Globalization 4.0

A New Architecture for the Fourth Industrial Revolution

Robotic arms collect pre-packaged dishes at a restaurant in Beijing, China, November 2018.  Jason Lee/REUTERS

The world today needs a new framework for global cooperation in order to preserve peace and accelerate progress. After the cataclysm of World War II, leaders designed a set of institutional structures to enable the postwar world to trade, collaborate, and avoid war—first in the West and eventually around much of the globe. Faced with a changing world, today’s leaders must undertake such a project again.

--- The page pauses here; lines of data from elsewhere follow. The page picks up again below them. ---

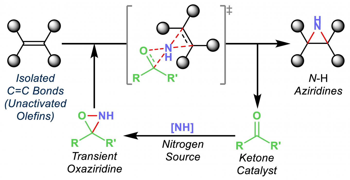 image: A Rice University method to produce aziridines, building blocks in drug design, makes the process far less expensive and more environmentally friendly than current methods that use metal catalysts.
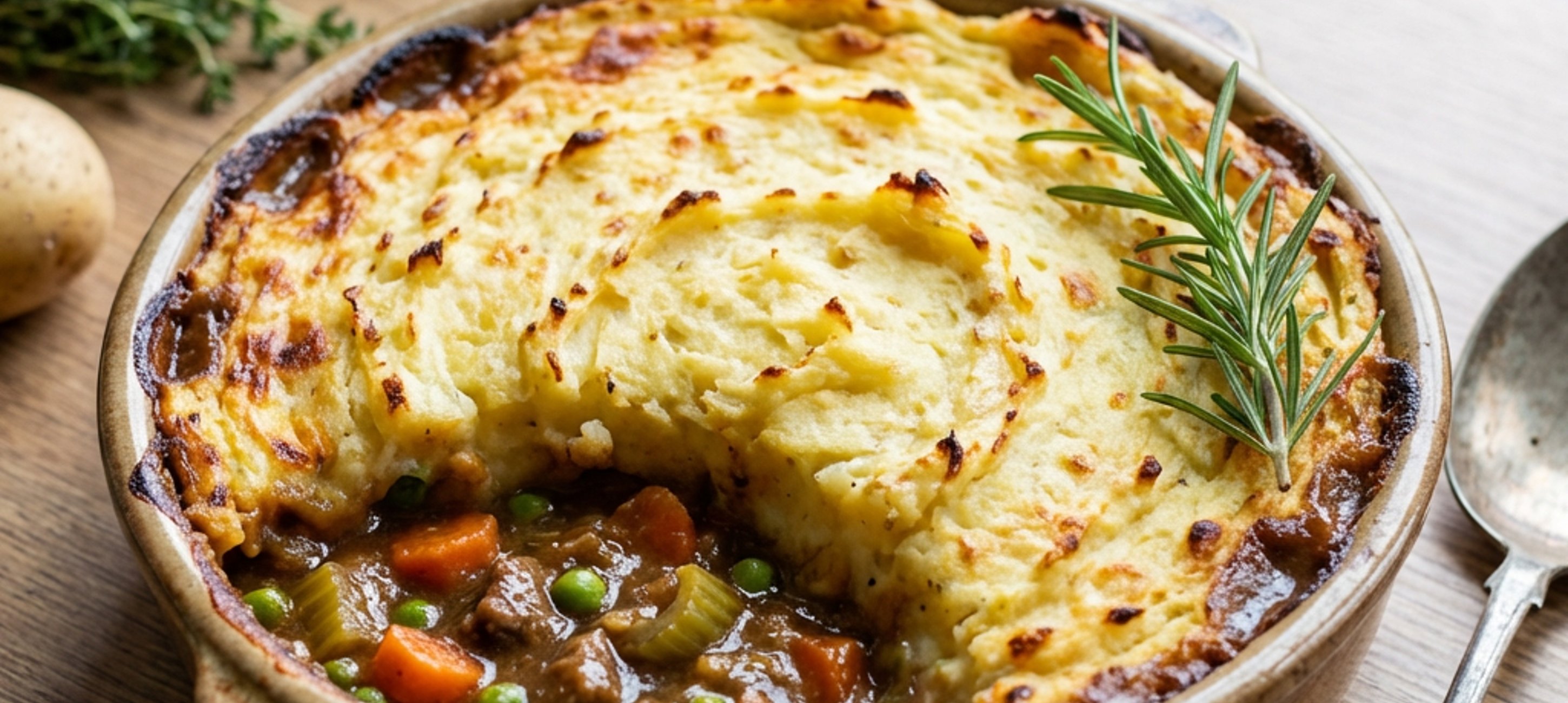 - 5Masovou směs přendáme do zapékací mísy a na směs navrstvíme bramborovou kaši. Dáme zapéct do trouby na 25 minut na 180 stupňů. Po upečení posypeme pokrm čerstvým rozmarýnem a servírujeme.
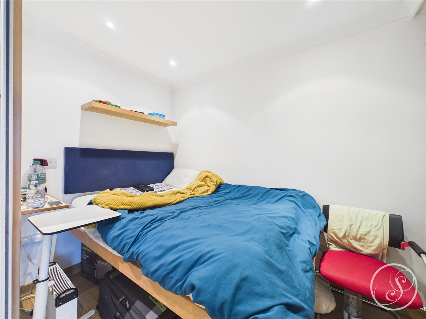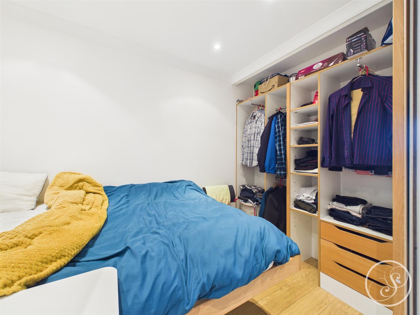 Bedroom - Wood strip laminate flooring, built in open wardrobe. Accommodates double bed.
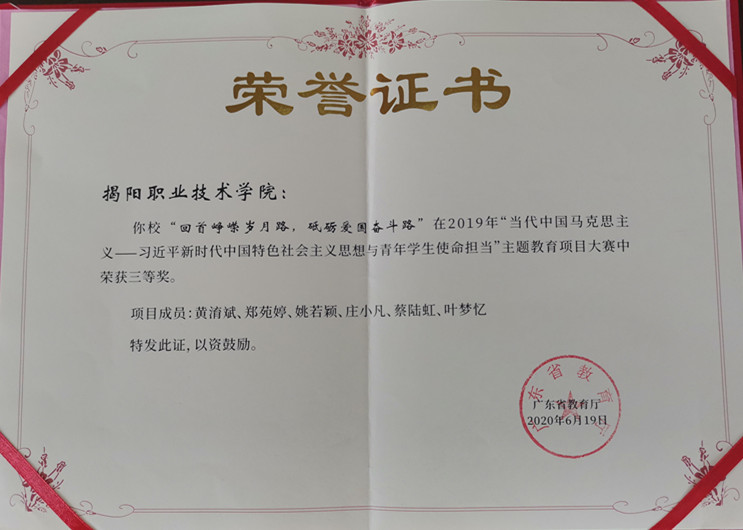 我校“回首峥嵘岁月路,砥砺爱国奋斗路”项目在广东省教育厅举办的2019年“当代中国马克思主义——习近平新时代中国特色社会主义思想与青年学生使命担当”主题教育项目大赛中荣获三等奖。
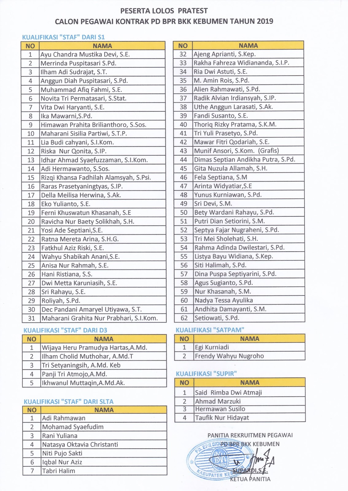 Pengumuman Peserta Lolos Pratest Calon Pegawai Pd Bpr Bkk Kebumen
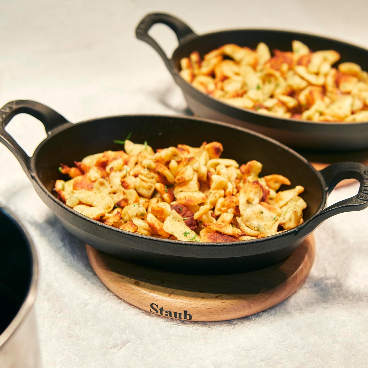 For centuries, cooks have taken advantage of the natural heat retention and redistribution properties of cast iron. Staub builds on this tradition with our enameled cast iron cookware. Black matte enamel inside and cooking surface creates a culinary advantage for better browning, braising, and roasting. Colorful enamel outside adds flare to your kitchen and table. Safe for use on all types of heat sources, including gas, electric, and induction, and oven safe up to 500F. Chip resistant and dishwasher safe. Made in France.
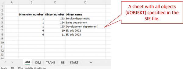 Fliken "OBJ" innehåller en lista på alla objekt i SIE-filen, dvs alla rader som börjar med #OBJEKT. Ett objekt är en dimensionsmedlem och ska därför ses tillsammans med informationen på flik "DIM".
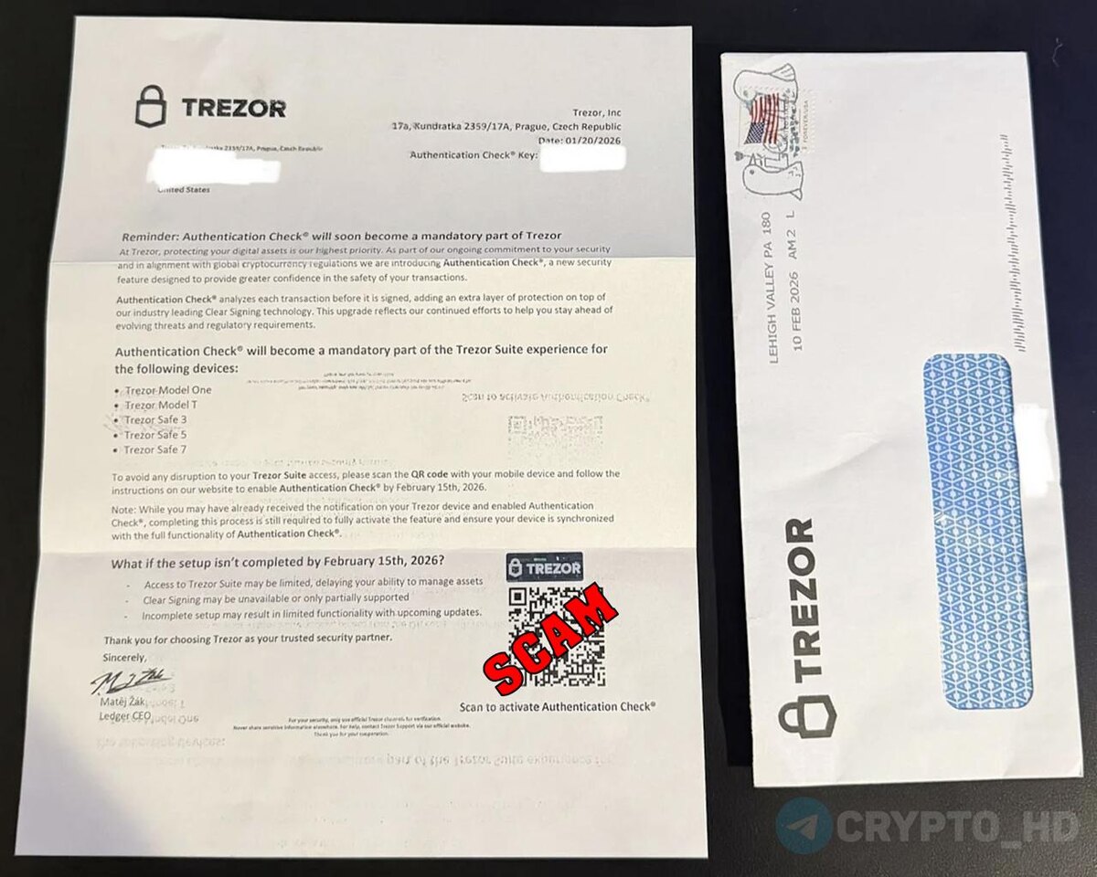 ⚠️ На пользователей Trezor началась почтовая скам-атака. Владельцы холодных кошельков Trezor получают бумажные письма с требованием срочно пройти «проверку аккаунта». ⊹ Письма выглядят как официальные уведомления службы безопасности. ⊹ Внутри размещен QR-код — переход ведет на фишинговый сайт. ⊹ Ввод seed-фразы приводит к полной потере средств. ⊹ Вероятно, используются базы клиентов из прошлых утечек данных. Ранее: Ledger Crypto Headlines

This time around, however, the change is not just geopolitical or economic in nature. The Fourth Industrial Revolution—the complete digitization of the social, the political, and the economic—is tugging at the very fabric of society, changing the way that individuals relate to one another and to the world at large. In this era, economies, businesses, communities, and politics are being fundamentally transformed.

Reforming existing processes and institutions will not be enough. Government leaders, supported by civil society and businesses, have to collectively create a new global architecture. If they wait, or simply apply a “quick fix” to repair the deficiencies of outdated systems, the forces of change will naturally develop their own momentum and rules, and thus limit our ability to shape a positive outcome.


In the decades after 1945, the world’s economies underwent an ambitious process of integration. Western Europe led the charge, charting unprecedented growth rates as it aimed for an “ever closer union.” Japan and the “Asian Tigers” followed, gaining access to global markets and supersizing their economies. By the early 2000s, the BRICs economies—Brazil, Russia, India, China, and South Africa—had spurred international trade to levels previously unseen; exports now count for about one-fifth of global GDP—the highest level in history. Throughout, the United States played a leading role, setting up the institutional structures that underpinned the global system, securing trade routes, and pumping wealth into foreign markets.

Today, this megaengine of globalization seems to be slowing down. As a percentage of GDP, trade is no longer rising. Worse still, the free-market consensus is unraveling.